About every other house there was a saloon and gambling house. Of course, there wasn’t work for everybody and lots of them were broke when they landed there—that was in the month of November and shortly after the weather turned bitter cold. I have seen men lay down on the floor to sleep in those saloons which kept open day and night, and when the house man started to clean up in the morning he would find dead men under the tables and on benches. The altitude was very high. Those people had no place to sleep—and nearly all of them contracted mountain fever and that went into pneumonia and they would sometimes die in a few hours after taking sick.

New Year’s night in 1894 was sure a wild night in Cripple Creek. Every man that filed on a mining claim prior to that time had to have one hundred dollars’ worth of work done in order to hold it by law and, of course, there was the usual contention when people are crazy for gold, some claiming the required amount of work was not done—and others claiming they had fulfilled the requirements of the law. The results were that every man owning a claim was on his ground at midnight with a gun to protect what he thought was his property.

I was in a good spot that night to get a view of the Big Mountain around Cripple Creek, and the lanterns moving around from claim to claim looked like a bunch of stars. There was reported nine men killed that night over claims and I didn’t hear of one arrest.

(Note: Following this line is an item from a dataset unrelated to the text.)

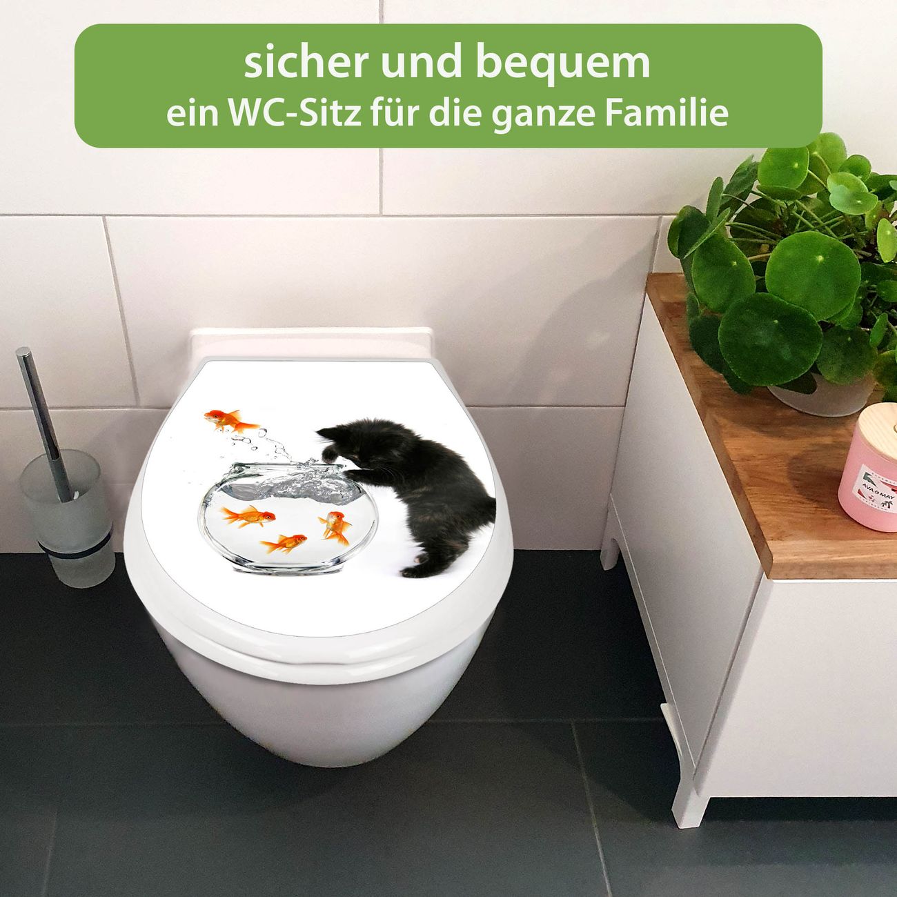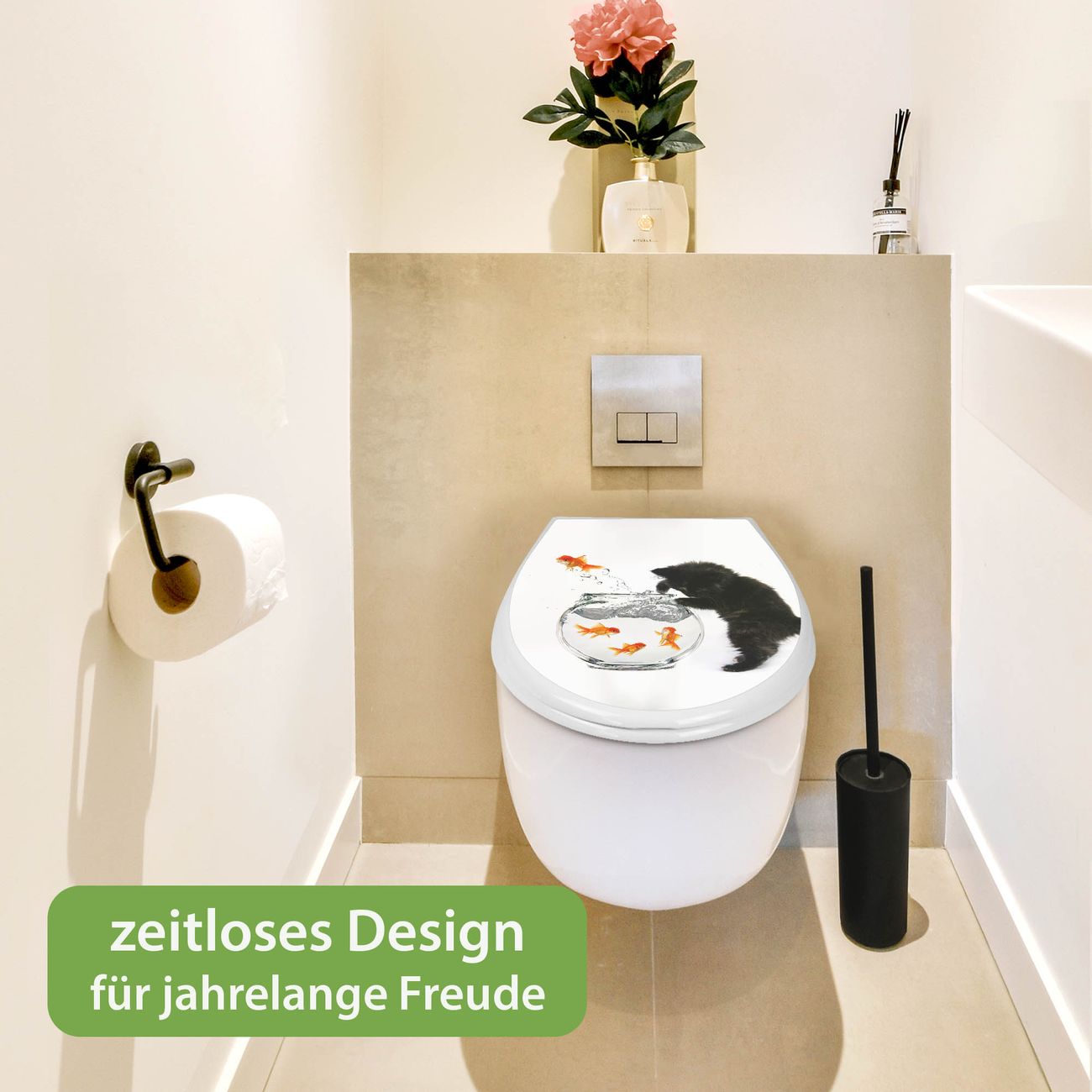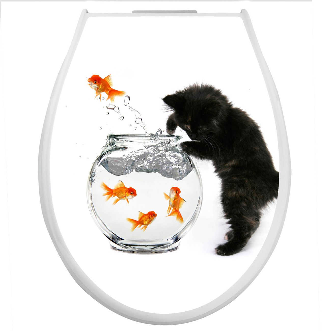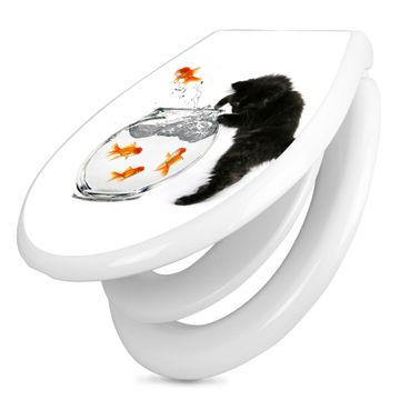 Toilettendeckel weiß mit Absenkautomatik Motiv Katze Und Fisch

I had a little money when I landed in Cripple Creek but soon lost it all gambling and then took down with mountain fever. An old prospector took me into his cabin and he took sick, too. We were both broke and had nothing to eat but a half sack of potatoes, but had plenty of wood and kept warm. We took turns, when one was a little better than the other, going out and gathering mountain sage and making tea out of it—and I am sure it saved our lives, as it broke the fever. When I got a little better I made a little money to buy food, gathering that sage and selling it to sick people.

When I got a little stronger I got twenty dollars for digging an assessment hole on a fellow’s claim, so I got in a poker game with that and won about a hundred dollars. I will never forget that night. People were being help up every night—sometimes hit on the head—sometimes killed, and the amount of money didn’t mean anything, as some of them birds would hold you up for five dollars.

This night when I had won that money quite a crowd gathered around me in the gambling house. I didn’t know any of them but bought a drink for everybody and thought I would slip away. There was one big tough-looking guy persisted in shaking hands with me and gave me some kind of a sign that I did not understand, so I was rather nervous when I got out of there.

I had to walk about a mile to my cabin following an old mining ditch. I had got about half way home when I saw a man’s head raise up out of the ditch just in front of me. That sure scared me. I turned the other way, back towards town. The farther I went the more scared I was ... and the faster I ran. I think even if a jack rabbit had seen me he would have admired my speed, and I didn’t stop until I got into town where there was light. I could not get a room in town, so sat in a chair all night in one of the gambling houses. I kept my hand on that hundred dollars and sweat with fear.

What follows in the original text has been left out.